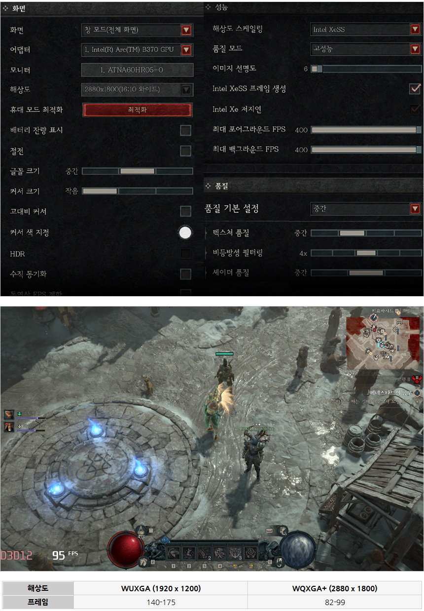 디아블로 4를 실행한 모습으로 XeSS 프레임 생성이 가능해 구형 게이밍 노트북 수준의 프레임으로 게임을 즐길 수 있었다. @ 150GB 대용량 게임으로 SSD에 설치가 불가해 외장 SSD에 설치해 테스트를 진행했다. SSD를 추가하고 게임을 설치해 실행하면 15프레임 정도 높은 성능으로 게임을 즐길 수 있다.
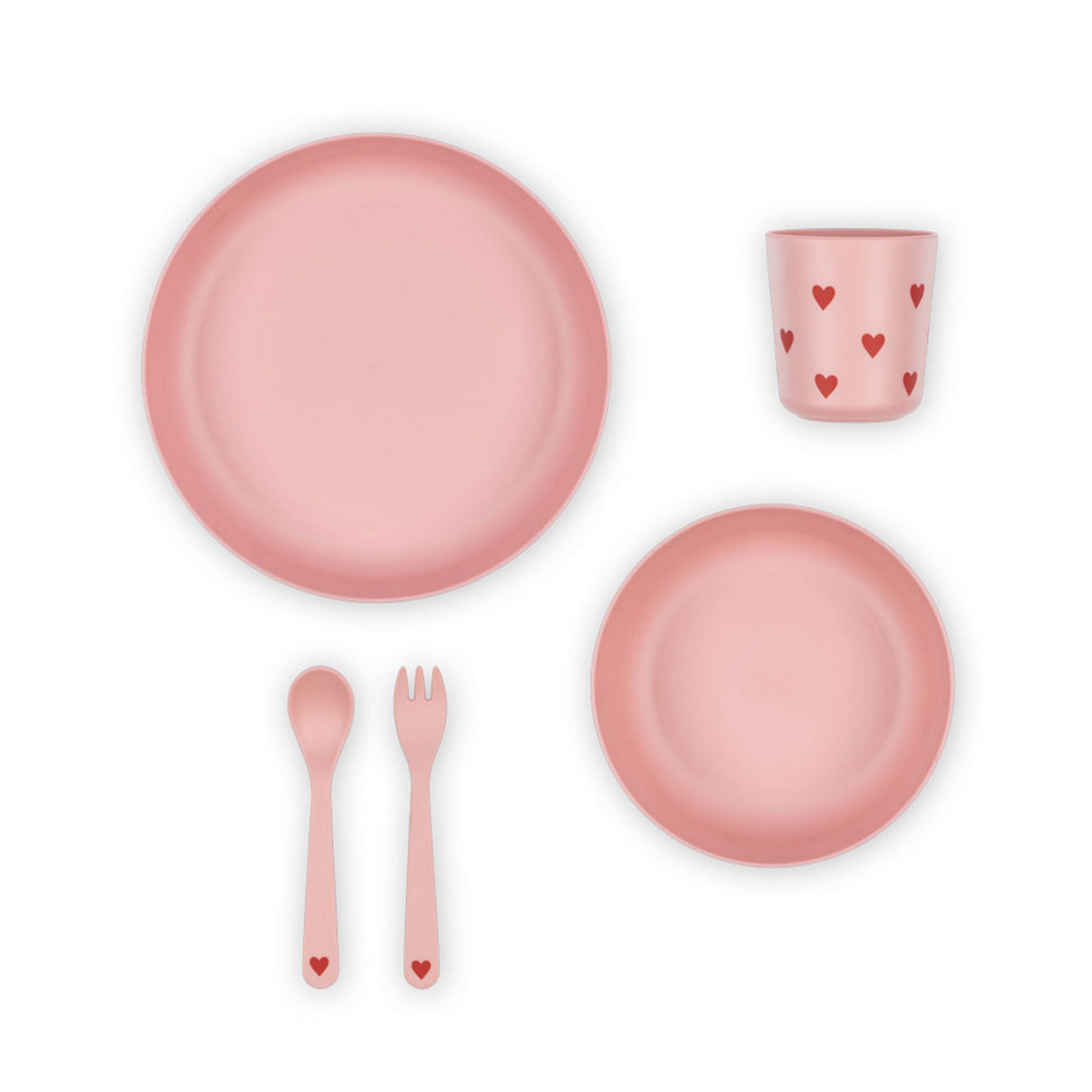 Gör måltiderna lite roligare med detta fina matset från Konges Sløjd, ett rosa matset dekorerat med hjärtan som barn älskar. Perfekt för små händer som övar på att äta själva – både praktiskt och charmigt!
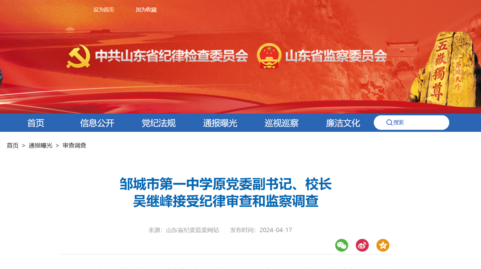 邹城市第一中学原校长吴继峰被查,涉嫌严重违纪违法
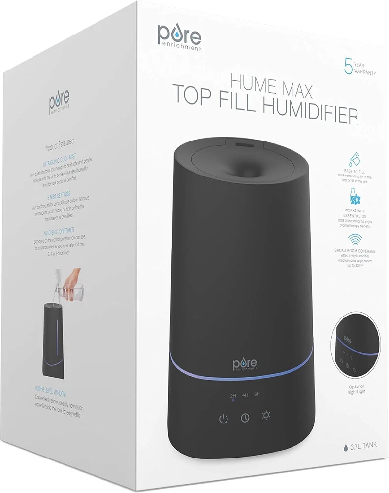 Product Description UNIQUE TOP FILL DESIGN: Easily pour water directly into the top of the humidifier for convenient mess-free refills with a built-in water window ensuring you’ll never overfill. BETTER AIR & FEWER REFILLS: Hume Max helps alleviate the effects of dry air longer with our industry-leading tank size for top filling humidifiers, a capacity of almost 1 gallon. 3 MIST SETTINGS: Maximize your comfort and adjust the moisture in any room with customizable mist outputs — Low setting: mists up to 30 hours; medium setting: mists up to 18 hours; high setting: mists up to 12 hours. AMPLE ROOM COVERAGE: Complement any bedroom, living room, nursery, and office up to 300 sq ft with ease. WHAT YOU GET: Top fill humidifier, AC power adapter, user manual, and ’s guaranteed 5-Year Warranty. Our customer support team provides daily quality service and peace of mind to millions worldwide all from a brand you can trust. About Us We are a reputable seller with many years of experience selling on eBay. Our goal is to provide high-quality products and excellent customer service. Shipping Items will be shipped within 1-3 business days when we received payment. (Orders are not processed on weekends & holidays) Tracking information will be sent once item is shipped. Delivery time depends on destination and other factors Item is shipped to ebay address. Leaving correct address can minimize delay. For international shipping and shipping to Guam, Hawaii and Alaska, Please contact us before placing the order. International buyers please note: Import duties, taxes and charges are not included in the item price or shipping charges. These charges are buyer’s responsibility. We will try our best to reduce the risk of the custom duties. Local pick-up is unavailable at the moment. Contact Us We reply any email messages within 1 business / working days(off-duty at weekend). If you do not get a response from us, then please check your junk or spam mailbox. Our Business hours: Mon-Fri 9:00-18:00, UTC/GMT +8 hours. Please contact us either by clicking "contact seller" in the "purchase history" section or simply click "ask a question" at the bottom of this page. If you are unsatisfied with our item or service, please contact us before leaving any feedback. We are committed to resolve all issues in a friendly and satisfactory manner.

· · · ·

What the task requires:
Starting with the first line of the data above and ending with the line containing "邹城市第一中学原校长吴继峰被查,涉嫌严重违纪违法", please restate every line exactly, leaving images out.

Answer to this problem:
 디아블로 4를 실행한 모습으로 XeSS 프레임 생성이 가능해 구형 게이밍 노트북 수준의 프레임으로 게임을 즐길 수 있었다. @ 150GB 대용량 게임으로 SSD에 설치가 불가해 외장 SSD에 설치해 테스트를 진행했다. SSD를 추가하고 게임을 설치해 실행하면 15프레임 정도 높은 성능으로 게임을 즐길 수 있다.
 Gör måltiderna lite roligare med detta fina matset från Konges Sløjd, ett rosa matset dekorerat med hjärtan som barn älskar. Perfekt för små händer som övar på att äta själva – både praktiskt och charmigt!
 邹城市第一中学原校长吴继峰被查,涉嫌严重违纪违法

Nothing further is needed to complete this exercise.